**Task description:**
Print only the lines from the one with "Ingrosso e Risparmio" through the end of the data, exactly, and please omit pictures.

**Material for this task:**
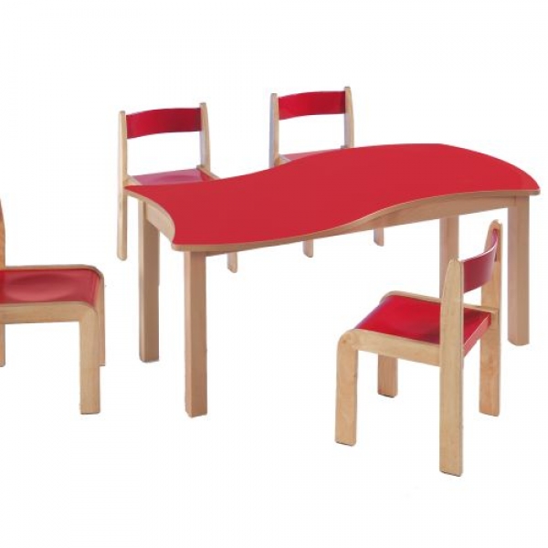 Der Swing-It Woody Rechteckwellentisch ist ein Massivholztisch mit einer 19 mm starken, melaminharzbeschichteten Spanplatte in der umweltfreundlichen E1-Qualität hergestellt. Sie ist besonders leicht zu reinigen und kann natürlich feucht abgewischt werden. Die Tischplatte ist in fröhlichen Dekoren erhältlich, die Tischkante ist immer im Dekor Buche gehalten.
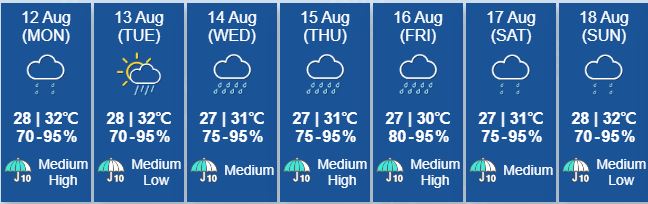 남서쪽에서 불어오는 바람의 영향으로 향후 며칠 간 천둥번개를 동반한 소나기가 내릴 것으로 예상된다.
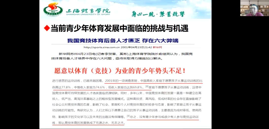 2021年5月12日下午15:30,上海必一手机客户端副校长、博士生导师唐炎教授通过线上方式,举办了题为《体教融合背景下我国青少年体育发展的思考》的光华讲坛。在外地出差培训学习的必一手机客户端院长杨远波教授在线主持了讲座,必一手机客户端研究生及部分教师参加了此次讲座。
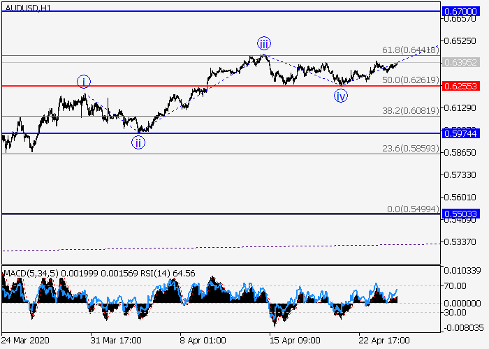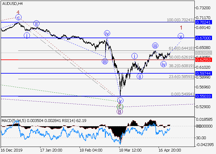 4小时图中,B的较高水平(C)的下行波已发展,其中(C)的波5已形成。目前,C的(1)的较低水平1的第一波已形成,其中1的波v已开始发展。如果假设正确,价格将会升至0.6700–0.7024。该情况的关键止损水平为0.6255。
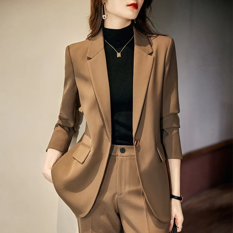 ต้อนรับสายลมหนาวและบรรยากาศใบไม้เปลี่ยนสีด้วยชุดสูทโทนสีน้ำตาลพาสเทล (Earth Tone) ที่ให้ลุคดูเป็นผู้ใหญ่และมีความเป็นมืออาชีพ ตัวผ้ามีความหนานุ่มพอเหมาะสำหรับฤดูใบไม้ร่วง สวมใส่สบายทั้งในห้องแอร์และกลางแจ้ง งานตัดเย็บเนี้ยบทุกจุด ตั้งแต่ปกเสื้อไปจนถึงปลายขา
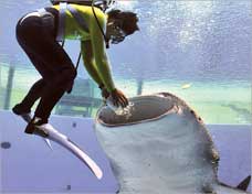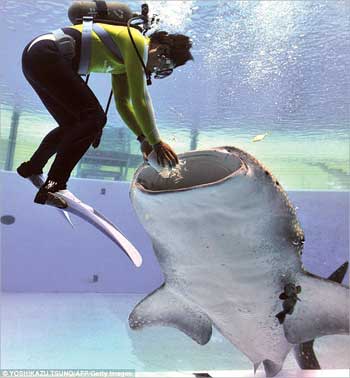 للوهلة الأولى بدت مهمة هذا الغواص مرعبة بينما كان يقوم بتقديم كمية من الطعام الى هذا القرش الحوتي في احد احواض اكواريوم «هاكيجيما» الكائن في العاصمة اليابانية طوكيو.
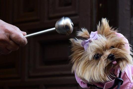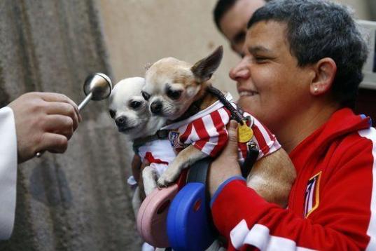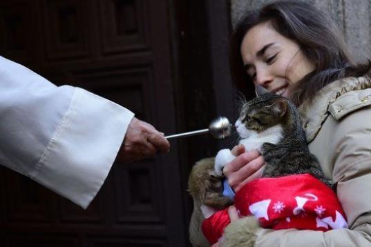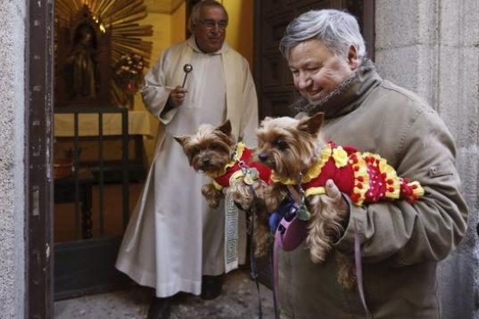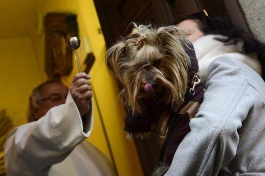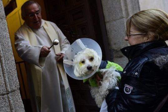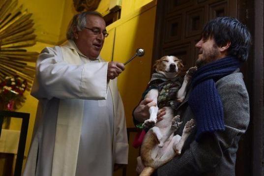 Al conectar desde plató con Masegosa, hemos podido ver al reportero sujetando en brazos a un perro pequeño que iba a ser “bendecido”.
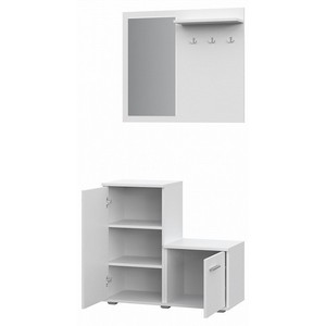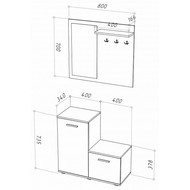 Компоненты, входящие в комплект: 1 вешалка настенная - 800x166x700 (мм), 1 тумбочка - 400x340x378 (мм), 1 тумбочка - 400x340x735 (мм).
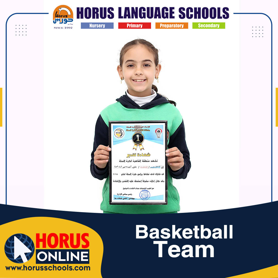 Horus language Schools administration congratulates “Malak Ahmed 3rd primary C ” for her active participation in the Basketball team.
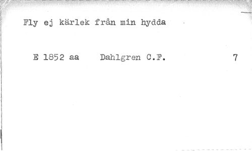 //// Fly ej kärlek från min hydda //// E 1852 aa Dahlgren C.F. 7 ////
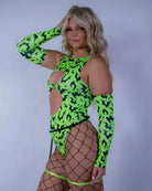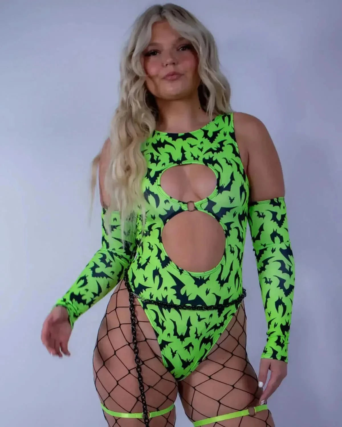Add a little bite to your fit with the OG Batty Arm Sleeves in UV Green. Featuring a bold, bat-infested print that glows under blacklight, these sleeves are a fierce addition to any rave-ready look. Made with stretchy, comfortable fabric that stays in place while you dance, pose, or cast spells.
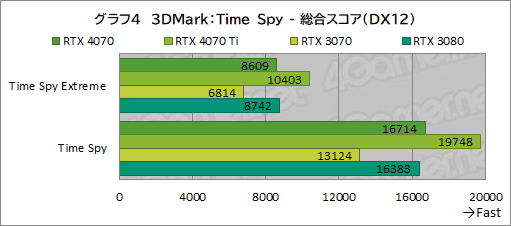 では,DirectX 12のテストとなる「Time Spy」の結果に移ろう。グラフ4は,総合スコアをまとめたものだ。
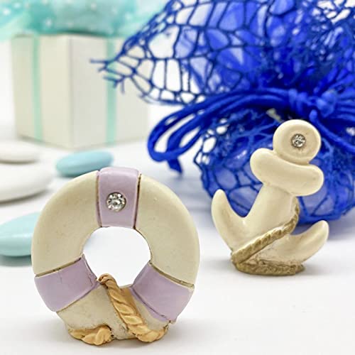 Ingrosso e Risparmio 12 Mini Statuette Tema Mare assortite in Due Varianti, a Forma di Ancora e salvagente con Strass, segnaposto economici, confettata (Personalizza Confezione)
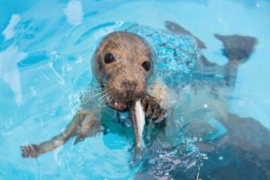 Our Animal Rescue and Animal Health teams continue to care for a juvenile grey seal nicknamed Luna and a male harbor seal nicknamed Phil. They’re both showing signs of improvement in their overall health!
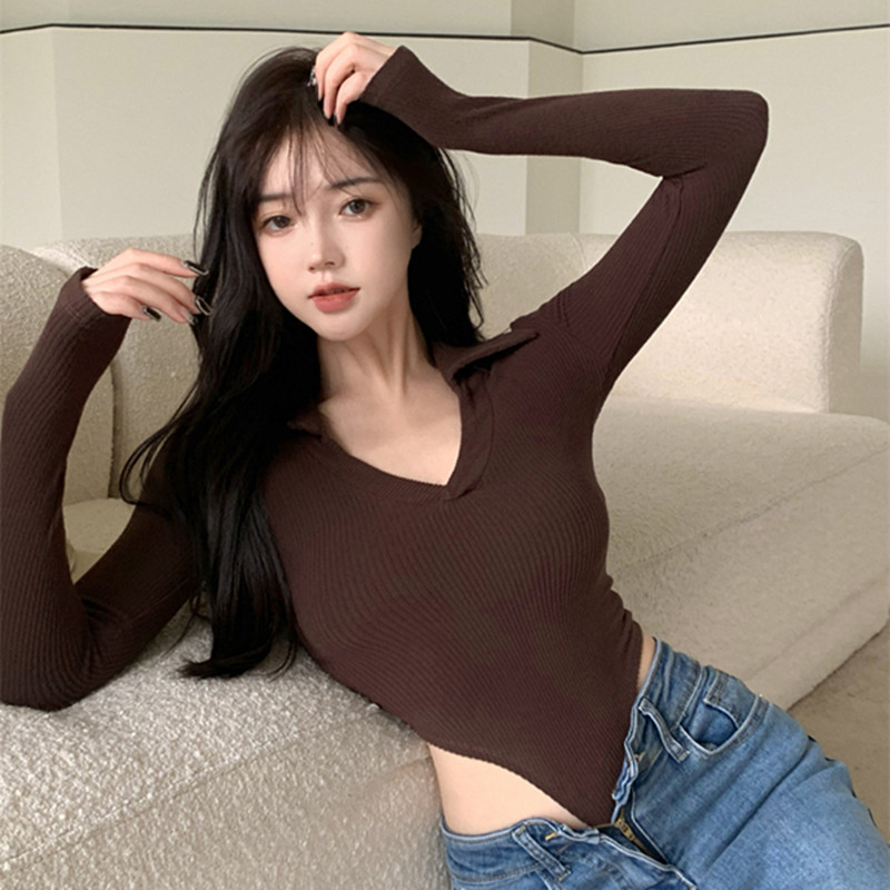 セクシーなタイトなtシャツの女性春秋2022新型のインナーシャツのギャルのショートタイプの臍の弾力性の長袖の上着
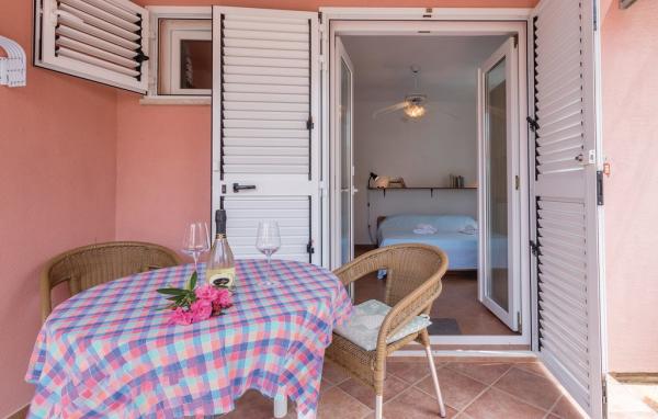 I recommend this apartment villa wholeheartedly! My girlfriend and I had an amazing time and wished we could have stayed much longer. The location is incredible and it is very easy to just take a short walk to one of the beautiful Kamenjak beaches. It is also very close to the center of Premantura, but still completely quiet and peaceful. The room and bathroom were very clean, the bed very comfortable and we slept like babies, it has a stove and fridge that are not huge, but big enough for regular use, and air conditioning and TV that we didn't really need to use because it is just so much nicer to spend the evening on the beautiful terrace that opens up into a nice garden. The host brought us some anti-mosquito incense as well, so we were taken care of very nicely. The host lady is incredibly kind and accommodating and she let us leave our car parked on their lot after check-out, so that we could still take a walk to Kamenjak and swim on our last day. All in all it was a beautiful and highly recommendable experience and we are very happy that we decided to stay here.
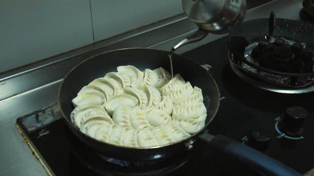 4. 上锅煎饺,将少量食用油倒入厚底锅中,然后迅速盖上盖子,用水蒸气使饺子内部成熟;

**Finished exercise:**
 Ingrosso e Risparmio 12 Mini Statuette Tema Mare assortite in Due Varianti, a Forma di Ancora e salvagente con Strass, segnaposto economici, confettata (Personalizza Confezione)
 Our Animal Rescue and Animal Health teams continue to care for a juvenile grey seal nicknamed Luna and a male harbor seal nicknamed Phil. They’re both showing signs of improvement in their overall health!
 セクシーなタイトなtシャツの女性春秋2022新型のインナーシャツのギャルのショートタイプの臍の弾力性の長袖の上着
 I recommend this apartment villa wholeheartedly! My girlfriend and I had an amazing time and wished we could have stayed much longer. The location is incredible and it is very easy to just take a short walk to one of the beautiful Kamenjak beaches. It is also very close to the center of Premantura, but still completely quiet and peaceful. The room and bathroom were very clean, the bed very comfortable and we slept like babies, it has a stove and fridge that are not huge, but big enough for regular use, and air conditioning and TV that we didn't really need to use because it is just so much nicer to spend the evening on the beautiful terrace that opens up into a nice garden. The host brought us some anti-mosquito incense as well, so we were taken care of very nicely. The host lady is incredibly kind and accommodating and she let us leave our car parked on their lot after check-out, so that we could still take a walk to Kamenjak and swim on our last day. All in all it was a beautiful and highly recommendable experience and we are very happy that we decided to stay here.
 4. 上锅煎饺,将少量食用油倒入厚底锅中,然后迅速盖上盖子,用水蒸气使饺子内部成熟;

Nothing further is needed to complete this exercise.